Personal information
- Full name: Omar Anwar
- Born: 1 July 1983 (age 43) Harrow, Middlesex, England
- Batting: Right handed
- Bowling: Unknown

Domestic team information
- 2003–2006: Oxford UCCE
- First-class debut: 12 April 2003 Oxford UCCE v Middlesex
- Last First-class: 31 May 2006 Oxford UCCE v Durham

Career statistics
| Competition | First-class |
| Matches | 13 |
| Runs scored | 402 |
| Batting average | 23.64 |
| 100s/50s | -/2 |
| Top score | 99 |
| Balls bowled | 3 |
| Wickets | 0 |
| Bowling average | – |
| 5 wickets in innings | – |
| 10 wickets in match | – |
| Best bowling | – |
| Catches/stumpings | 2/– |
- Source: CricketArchive, 11 October 2008

= Omar Anwar =

English cricketer

Omar Anwar (born 1 July 1983) is a former English cricketer who played for Oxford UCCE. He was born in Harrow.

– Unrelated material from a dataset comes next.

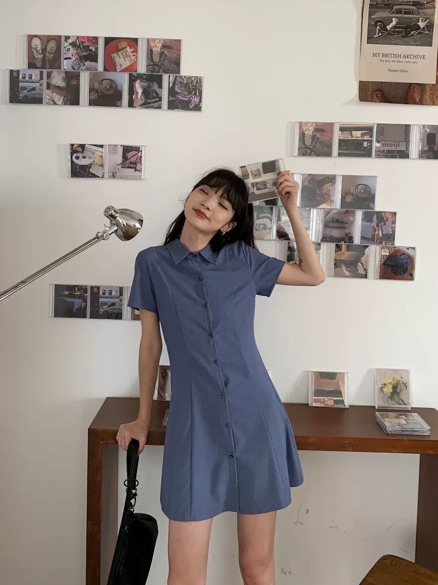 襟付きのショート丈ワンピースです。

He made his first appearance for the team against Middesex in 2003, scoring 99 in his first innings, which would remain his first-class best for the entirety of his career. He made two further first-class appearances during 2003, and two appearances for Middlesex Second XI at the end of the University year.

Anwar continued to appear for Oxford University until 2006, playing for Stanmore in the Cockspur Cup for the first time in 2005.